Methods: Data on patients' smoking status from EMRs were used to develop 32 different predictive models that were trained using Weka, changing sentence frequency, classifier type, tokenization, and attribute selection in a database of 85,000 classified sentences. The models were evaluated using F-score and accuracy based on out-of-sample test data including 8500 sentences. The error weight matrix was used to select the best model, assigning a weight to each type of misclassification and applying it to the model confusion matrices.
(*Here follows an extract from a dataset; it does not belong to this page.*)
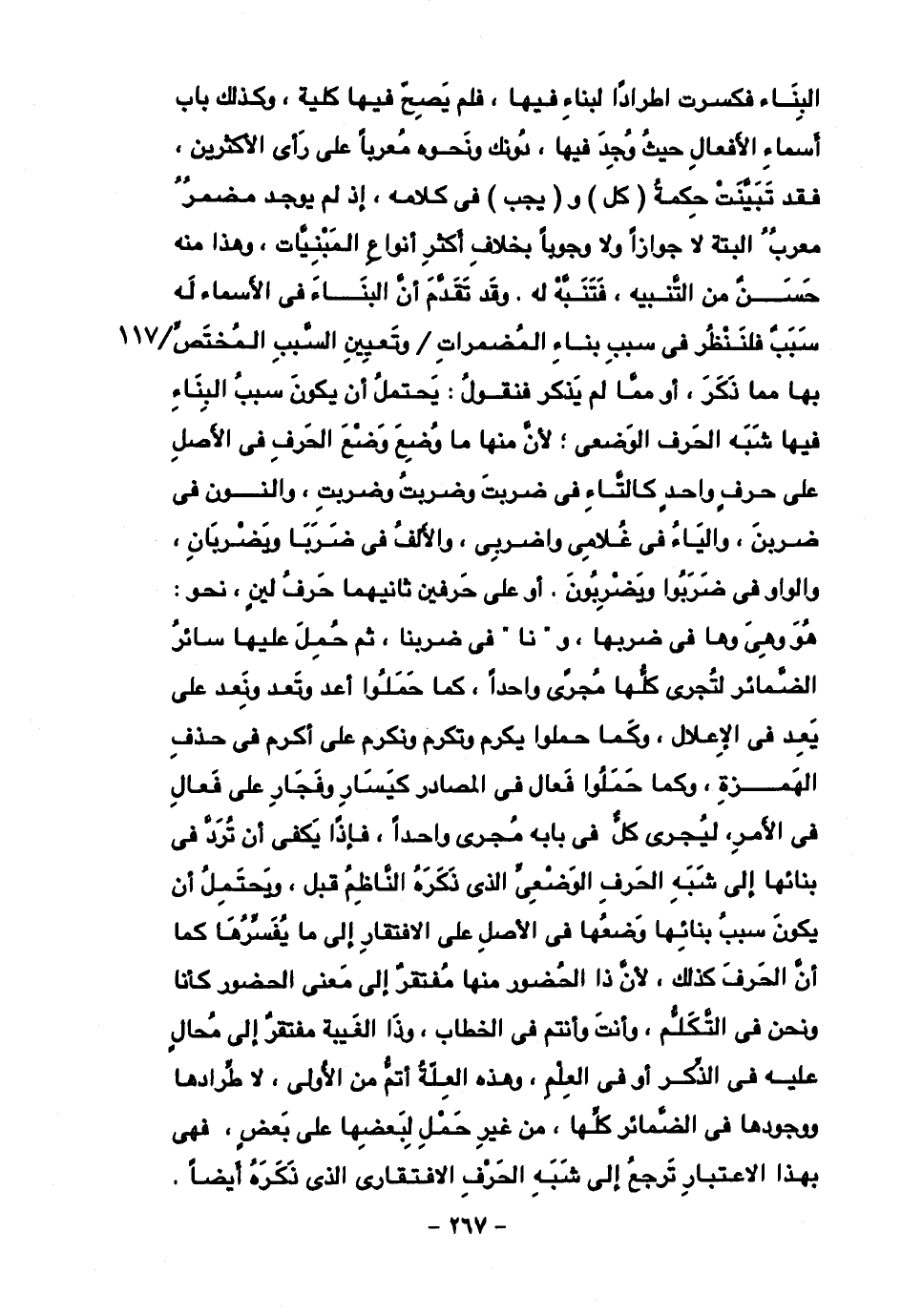 البناء فكسرت اطرادًا لبناء فيها، فلم يصح فيها كلية، وكذلك باب أسماء الأفعال حيث وجد فيها، دونك ونحوه معربًا على رأي الأكثرين، فقد تبينت حكمة (كل) و (يجب) في كلامه، إذ لم يوجد مضمر معرب البتة لا جوازًا ولا وجوبًا بخلاف أكثر أنواع المبينات، وهذا منه حسن من التنبيه، فتنبه له. وقد تقدم أن البناء في الأسماء ل سبب فلننظر في سبب بناء المضمرات/ وتعيين السبب المختص بها مما ذكر، أو مما لم يذكر فنقول: يحتمل أن يكون سبب البناء فيها شبه الحرف الوضعي؛ لأن منها ما وضع وضع الحرف في الأصل على حرف واحد كالتاء في ضربت وضربت وضربت، والنون في ضربن، والياء في غلامي واضربي، والألف في ضربا ويضربان، والواو في ضربوا ويضربون. أو على حرفين ثانيهما حرف لين، نحو: هو وهي وها في ضربها، و "نا" في ضربنا، ثم حمل عليا سائر الضمائر لتجرى كلها مجرى واحدًا، كما حملوا أعد وتعد ونعد على يعد في الإعلال، وكما حملوا يكرم وتكرم ونكرم على أكرم في حذف الهمزة، وكما حملوا فعال في المصادر كيسار وفجار على فعال في الأمر، ليجرى كل في باب مجرى واحدًا، فإذا يكفى أن ترد في بنائها إلى شبه الحرف الوضعي الذي ذكره الناظم قبل، ويحتمل أن يكون سبب بنائها وضعها في الأصل على الافتقار إلى ما يفسرها كما أن الحرف كذلك، لأن ذا الحضور منها مفتقر إلى معنى الحضور كأنا ونحن في التكلم، وأنت وأنتم في الخطاب، وذا الغيبة مفتقر إلى محال علي في لذكر أو في العلم، وهذه العلة أتم من الأولى، لا طرادها ووجودها في الضمائر كلها، من غير حمل لبعضها على بعض، فهي بهذا الاعتبار ترجع إلى شبه الحرف الافتقارى الذي ذكره أيضا.

The best performing model was then compared to a rule-based method.

Results: The best performing model was based on the Support Vector Machine (SVM) Sequential Minimal Optimization (SMO) classifier using a combination of unigrams and bigrams as tokens. Sentence frequency and attributes selection did not improve model performance. SMO achieved 98.14% accuracy and 0.981 F-score versus 79.32% and 0.756 for the rule-based model.
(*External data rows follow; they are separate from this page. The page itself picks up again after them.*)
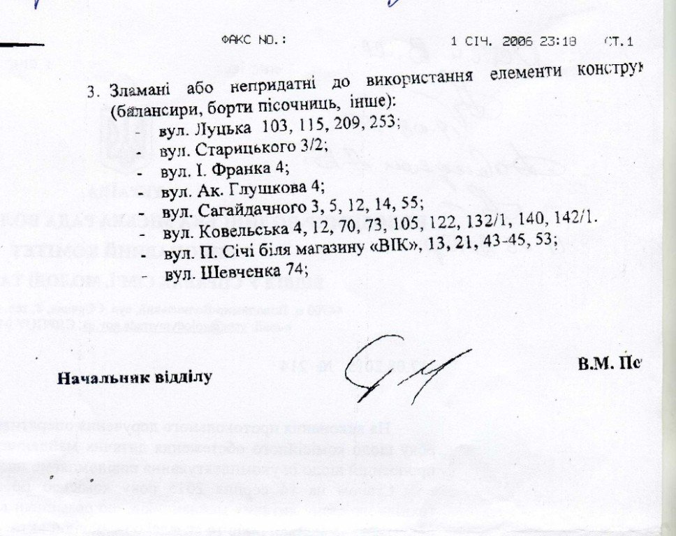Також депутат зазначає, що ще з липня не може домогтися від міської влади ремонту дитячого майданчика на вулиці Луцькій 115, який також знаходиться в аварійному стані.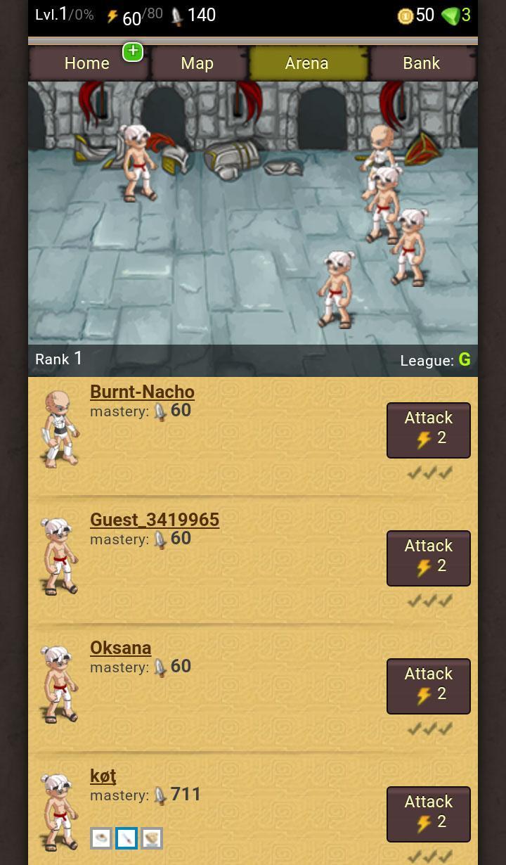 Players will be able to battle against players in the arena, but they will be facing harder foes when they reach higher arenas. Players will be able to reach higher arenas after they beat three foes in a certain arena group division. It might be challenging to gain levels in order to get stronger but players may also do quests in order to gain free items and additional experience.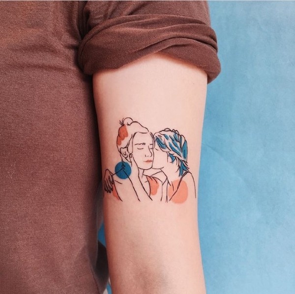 小清新风格的线条和奇妙配色纹身图案作品18张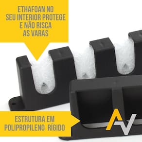 tamanho: aprox. : 34cm x 6cm suporte para um total de 12 varas. Material da estrutura: polipropileno rígido em sua estrutura material do interior: espuma ethafoan

Conclusion: A model using machine-learning algorithms to automatically classify patients' smoking status was successfully developed. Such algorithms may enable automatic assessment of smoking status and other unstructured data directly from EMRs without manual classification of complete case notes.

Abstract Image

查看原文本刊更多论文

通过自然语言处理和机器学习，可以从电子病历中自动提取和分类患者的吸烟状况。

背景:电子病历(EMR)为临床研究提供了独特的可能性，但由于其非结构化的特性，一些重要的患者属性不容易获得。我们使用机器学习的文本挖掘技术，从瑞典电子病历数据中对吸烟状况的非结构化信息进行自动分类。方法:利用电子病历中患者吸烟状况的数据建立32种不同的预测模型，这些模型使用Weka、改变句子频率、分类器类型、标记化和属性选择在85,000个分类句子的数据库中进行训练。基于8500个句子的样本外测试数据，使用f分数和准确性对模型进行评估。利用误差权重矩阵选择最佳模型，对每种错误分类分配一个权重，并将其应用到模型混淆矩阵中。然后将表现最好的模型与基于规则的方法进行比较。结果:表现最好的模型是基于支持向量机(SVM)顺序最小优化(SMO)分类器，使用单图和双图的组合作为标记。句子频率和属性选择并没有提高模型的性能。SMO的准确率为98.14%，f分数为0.981，而基于规则的模型的准确率为79.32%，f分数为0.756。结论:成功建立了一种基于机器学习算法的患者吸烟状态自动分类模型。这种算法可以直接从电子病历中自动评估吸烟状况和其他非结构化数据，而无需手动对完整的病例记录进行分类。
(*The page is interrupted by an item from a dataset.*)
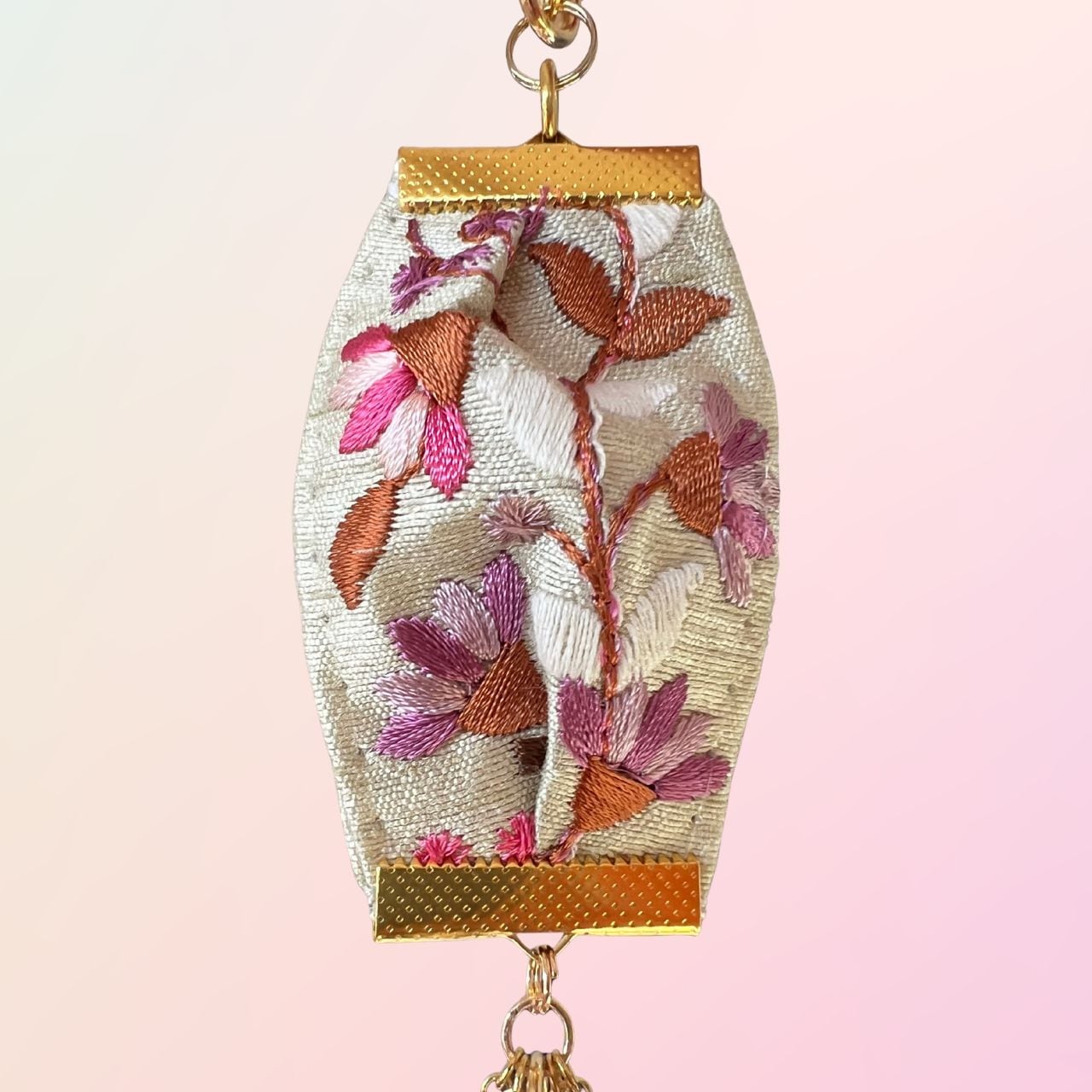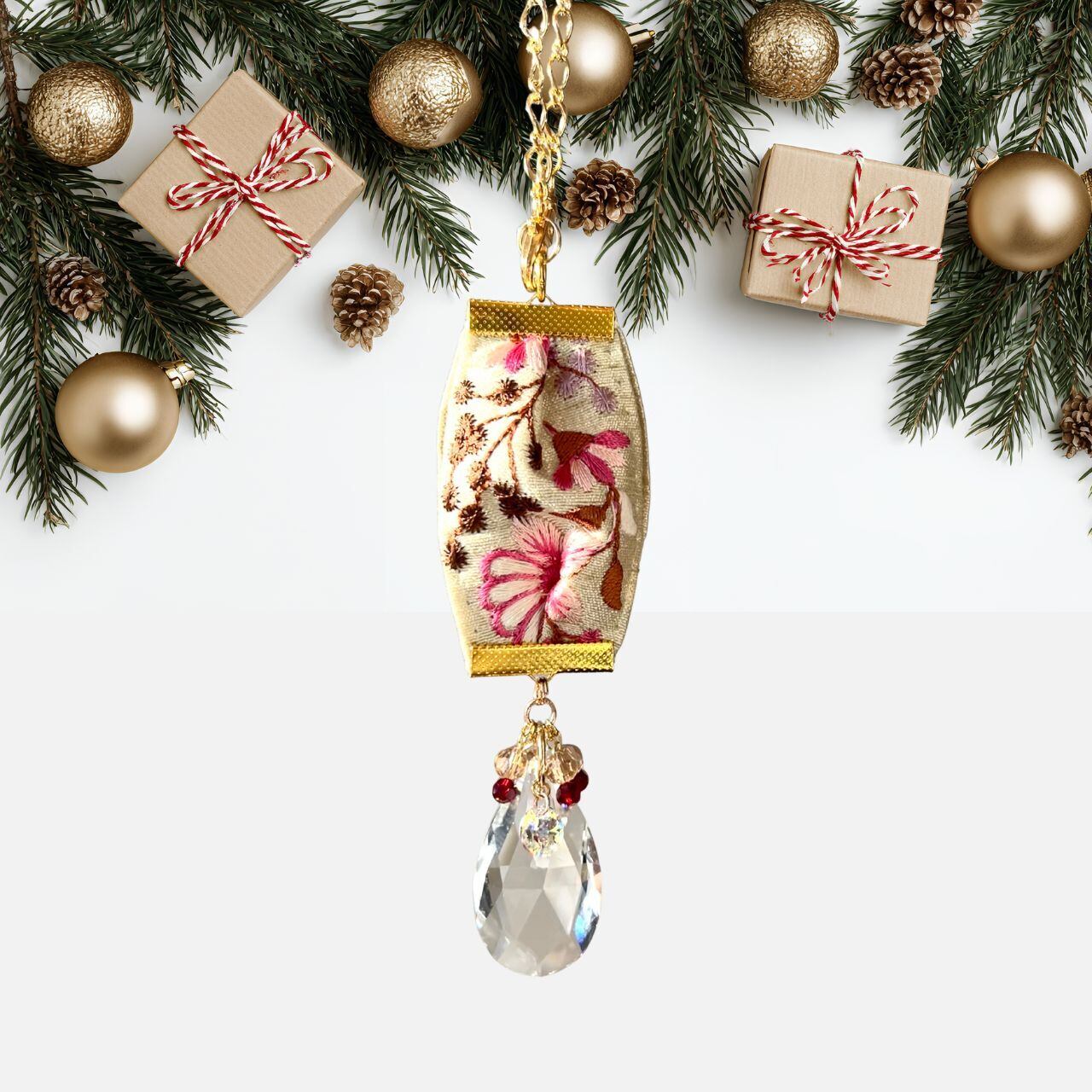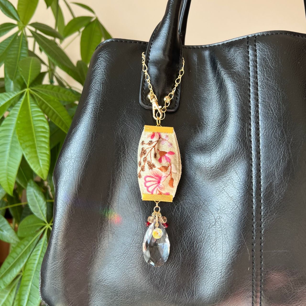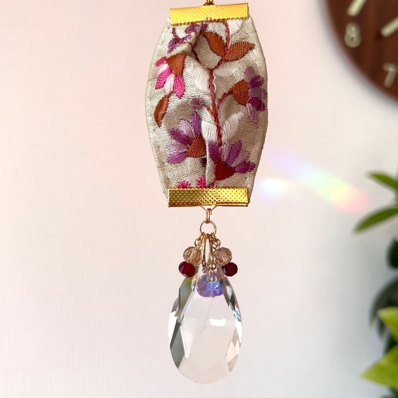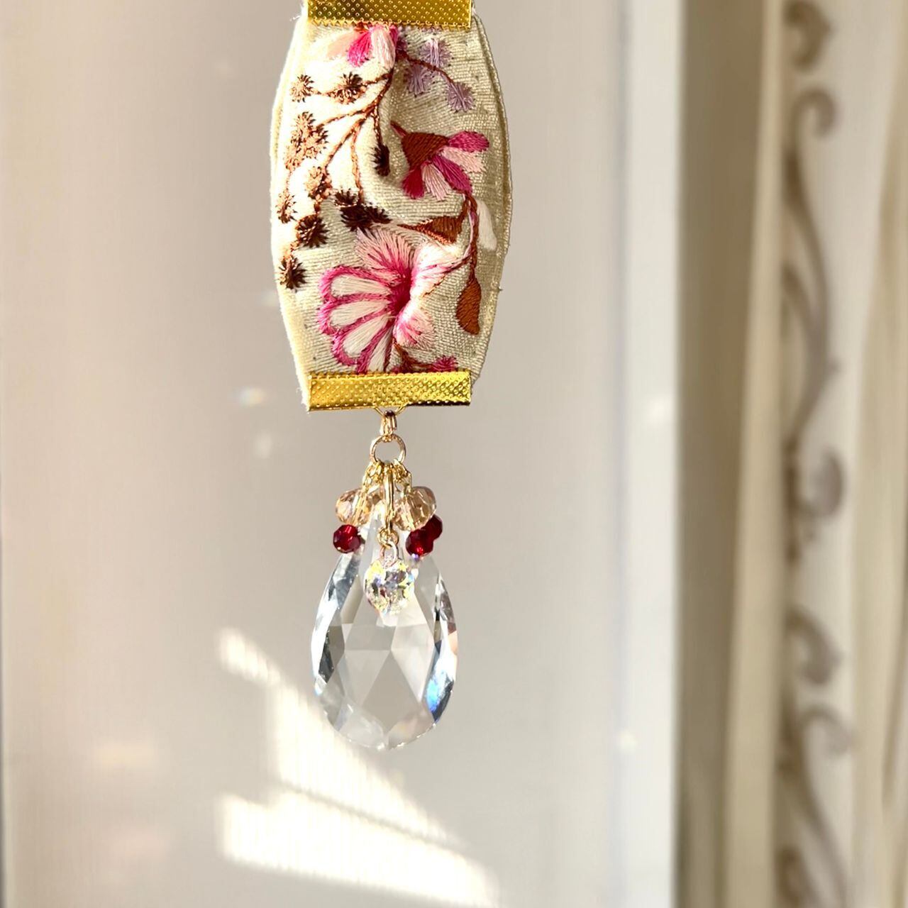 インド刺繍のリボンとしずく型クリスタルが組み合わさり、「持ち歩ける光」としてやさしい輝きを添えてくれます。

本文章由计算机程序翻译，如有差异，请以英文原文为准。

求助全文

约1分钟内获得全文求助全文

来源期刊

Upsala journal of medical sciences 医学-医学：内科

CiteScore

5.60

自引率

0.00%

发文量

审稿时长

6-12 weeks

期刊介绍： Upsala Journal of Medical Sciences is published for the Upsala Medical Society. It has been published since 1865 and is one of the oldest medical journals in Sweden. The journal publishes clinical and experimental original works in the medical field. Although focusing on regional issues, the journal always welcomes contributions from outside Sweden. Specially extended issues are published occasionally, dealing with special topics, congress proceedings and academic dissertations.